## EXERCISE REQUIREMENTS
Retype only the lines from the top of the records to the line with "Универсальное чистящее средство", including that line but none of the pictures.

+++ DATA +++

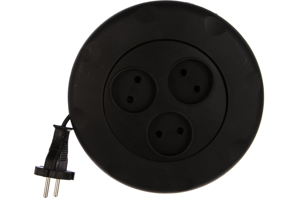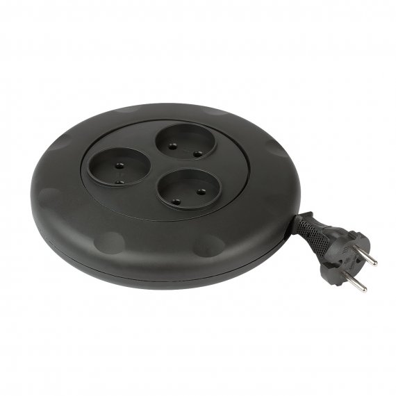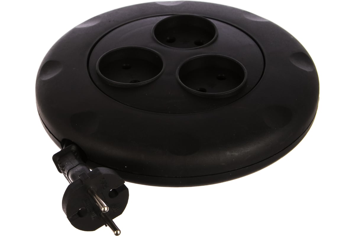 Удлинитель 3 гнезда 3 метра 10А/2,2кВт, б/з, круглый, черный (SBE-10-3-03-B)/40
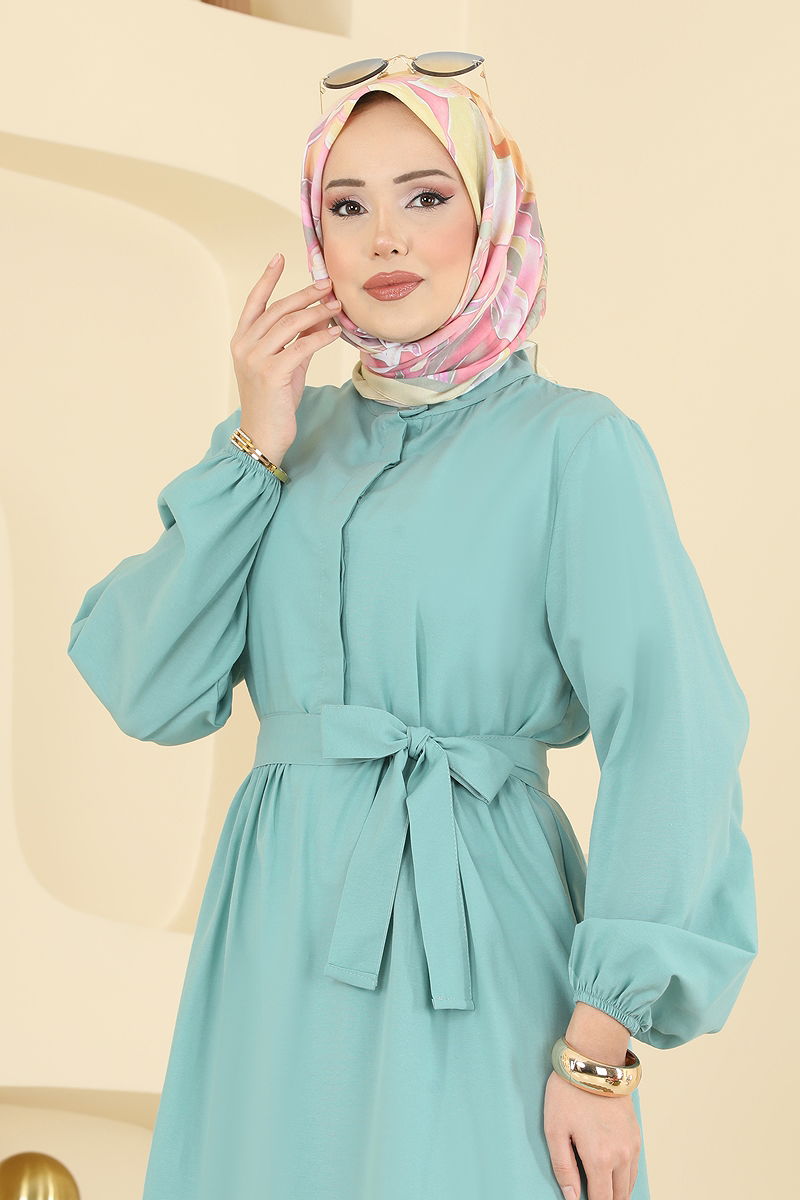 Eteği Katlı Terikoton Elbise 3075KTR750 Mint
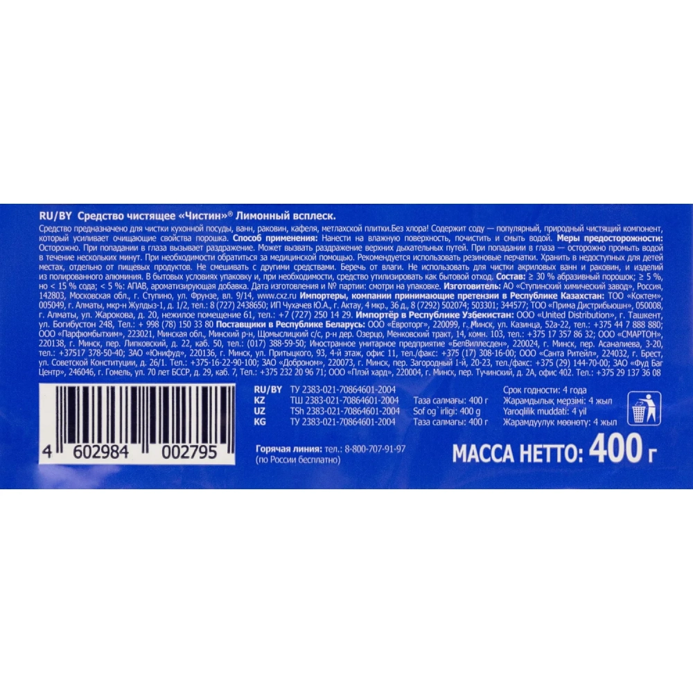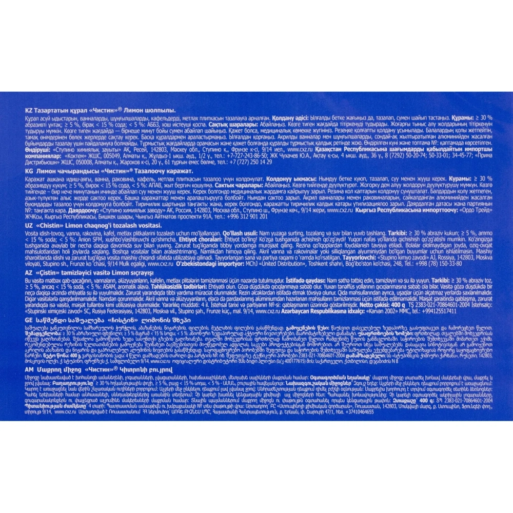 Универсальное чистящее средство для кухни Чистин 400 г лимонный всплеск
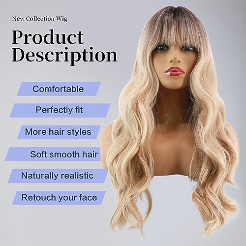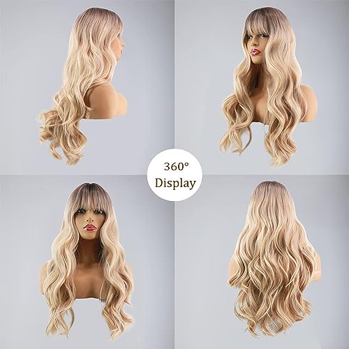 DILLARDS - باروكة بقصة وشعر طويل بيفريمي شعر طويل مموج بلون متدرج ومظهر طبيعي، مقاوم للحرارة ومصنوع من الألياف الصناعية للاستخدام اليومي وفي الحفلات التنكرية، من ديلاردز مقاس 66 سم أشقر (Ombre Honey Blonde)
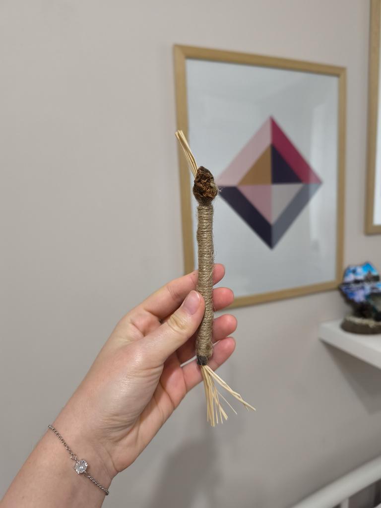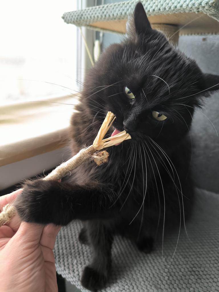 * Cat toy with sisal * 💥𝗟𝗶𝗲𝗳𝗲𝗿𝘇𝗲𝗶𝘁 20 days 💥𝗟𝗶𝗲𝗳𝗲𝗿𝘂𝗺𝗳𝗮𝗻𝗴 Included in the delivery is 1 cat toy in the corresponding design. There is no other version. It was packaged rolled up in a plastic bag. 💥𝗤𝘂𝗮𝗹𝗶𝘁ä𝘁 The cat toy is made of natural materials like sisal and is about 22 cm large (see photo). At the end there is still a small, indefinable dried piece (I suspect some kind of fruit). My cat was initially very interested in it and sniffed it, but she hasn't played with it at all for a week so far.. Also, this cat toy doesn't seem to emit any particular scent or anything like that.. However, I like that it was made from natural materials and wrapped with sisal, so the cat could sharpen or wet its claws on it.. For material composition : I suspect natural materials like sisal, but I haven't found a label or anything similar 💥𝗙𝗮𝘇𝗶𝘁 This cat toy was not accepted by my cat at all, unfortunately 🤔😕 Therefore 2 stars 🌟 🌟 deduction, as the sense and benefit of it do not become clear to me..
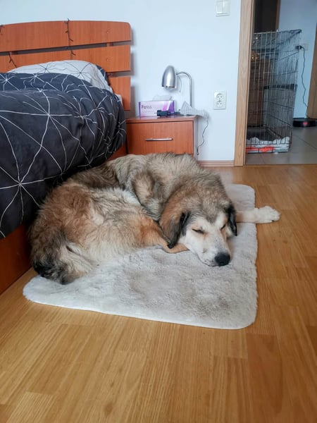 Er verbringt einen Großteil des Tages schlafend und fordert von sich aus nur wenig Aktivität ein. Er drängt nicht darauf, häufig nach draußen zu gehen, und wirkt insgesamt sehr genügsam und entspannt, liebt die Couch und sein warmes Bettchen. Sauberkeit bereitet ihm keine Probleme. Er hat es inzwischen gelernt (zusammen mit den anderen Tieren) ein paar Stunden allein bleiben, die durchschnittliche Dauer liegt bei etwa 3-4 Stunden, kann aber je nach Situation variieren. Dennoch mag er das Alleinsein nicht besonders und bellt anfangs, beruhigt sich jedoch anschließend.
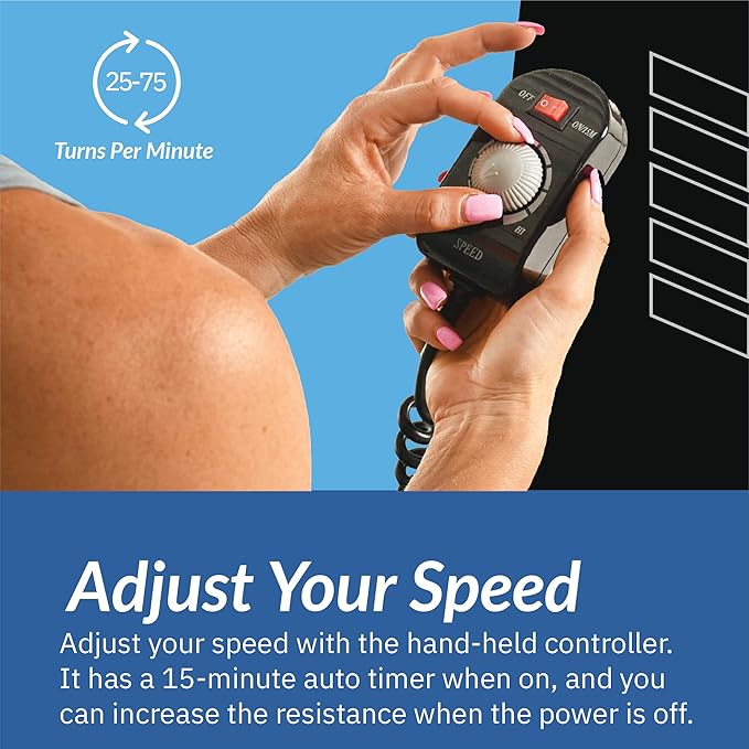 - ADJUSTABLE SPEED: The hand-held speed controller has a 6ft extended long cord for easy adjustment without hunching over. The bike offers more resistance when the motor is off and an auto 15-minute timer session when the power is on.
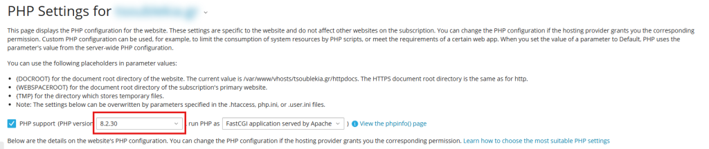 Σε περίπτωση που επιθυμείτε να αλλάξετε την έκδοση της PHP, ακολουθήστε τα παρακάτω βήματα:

+++

## THE ANSWER
 Удлинитель 3 гнезда 3 метра 10А/2,2кВт, б/з, круглый, черный (SBE-10-3-03-B)/40
 Eteği Katlı Terikoton Elbise 3075KTR750 Mint
 Универсальное чистящее средство для кухни Чистин 400 г лимонный всплеск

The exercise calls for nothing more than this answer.